In the months after the trial, printed pamphlets and posters appeared warning against “dangerous prophetesses” and unauthorized religious sects. Several self-styled spiritual leaders were investigated or arrested. The case was cited in Diet debates over revisions to Japan’s Religious Organizations Law, increasing the government’s power to disband groups deemed subversive or dangerous.
The police investigation introduced the practice of cross-referencing religious group membership lists with missing persons reports, a method that became standard in later years. Toxicologists involved in the case published a monograph on aconite poisoning, influencing the regulation of dangerous herbs and pharmaceutical agents.
The ritual implements removed from the Suginami compound were studied by anthropologists and displayed briefly in a police museum exhibit, then stored in archives. The site of the compound was razed, and a children’s park was built on the grounds in 1941.

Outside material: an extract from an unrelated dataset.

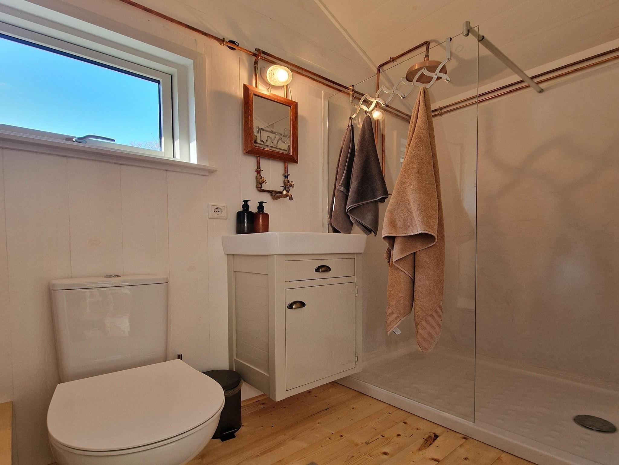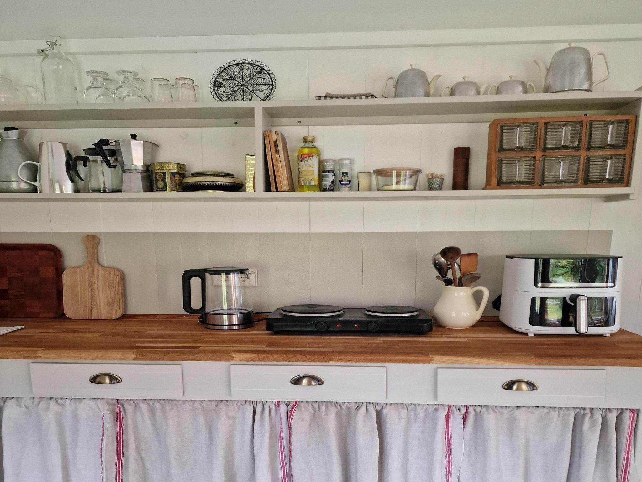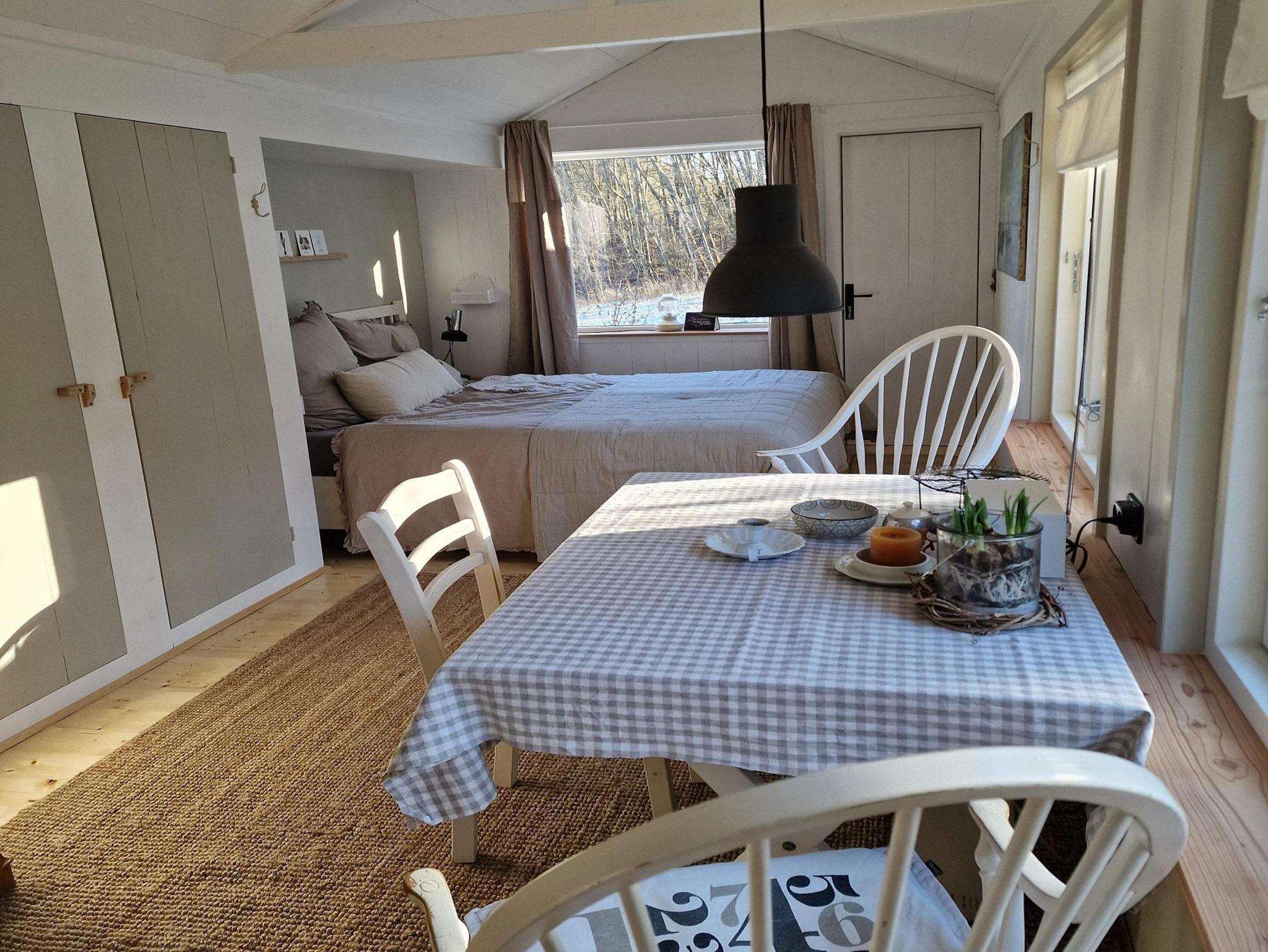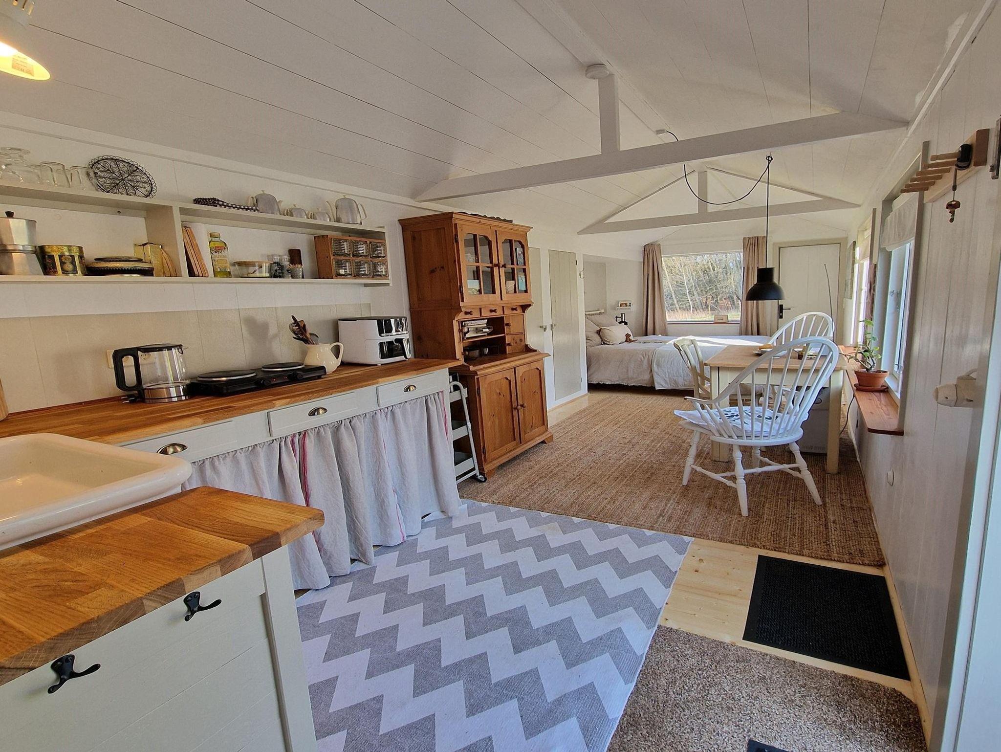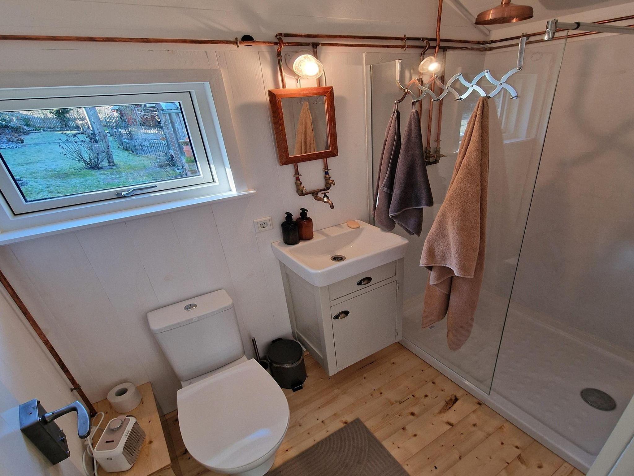 Das Gästeapartment Wiesenstübchen (25 qm) ist ein kleines Tiny House, inmitten unseres Gartens, mit Ausblick auf das benachbarte Wiesengrundstück und unseren Garten, am Rande des Waldes. Es ist ausgestattet mit einem bequemen Doppelbett (160 x 200 cm), einem schönen Eßplatz, einer gut ausgestatteten Küchenzeile (Toaster, Wasserkocher, 2 Kochplatten, Airfryer, Kaffeemaschine) und einem kleinen Bad mit Dusche und WC. Zur Aufbewahrung von Kleidung gibt es einen geräumigen Wandschrank und einen Küchenschrank. Ein sonniger Außensitzplatz, WLAN und ein kostenloser Parkplatz sind ausserdem vorhanden.

The name Kameyama Shizuko entered urban legend. For decades, rumors persisted that she had survived her execution, or that some of her followers continued her teachings in secret mountain villages. Occasional reports of small groups practicing similar rites surfaced in rural Yamanashi and Nagano prefectures into the 1950s, but none matched the scale or horror of the Suginami deaths.
The six children killed in the compound were identified as Hirota Keiko, aged 4; Hirota Jun, aged 6; Sato Midori, aged 5; Sato Ayumu, aged 9; Yamada Eiko, aged 7; and Tanaka Ryo, aged 8. Their funerals drew hundreds of mourners. Their families petitioned for stricter oversight of religious communes and greater powers for the police to intervene in cases of suspected child endangerment.
The government’s response to the case shaped the national psyche. Fear of cult violence and skepticism toward charismatic religious leaders increased sharply. Teachers and social workers received new training to identify signs of radicalization in families and children.
The Kameyama Kōmyō Kyō ledger, recovered from the compound, listed the dates and full names of 45 individuals, providing one of the earliest comprehensive records of a closed Japanese religious commune. It became an important source for later sociological research into fringe religious groups in the interwar period.
The Tokyo Metropolitan Police’s casefile on the Suginami deaths filled over 2,800 pages, including photographs, statements, forensic reports, and correspondence with local officials. It remains one of the most detailed early criminal investigations into a cult-related crime in Japan.
In her final written statement, Kameyama Shizuko wrote: “The sun rises, the lotus blooms, the pure return home.”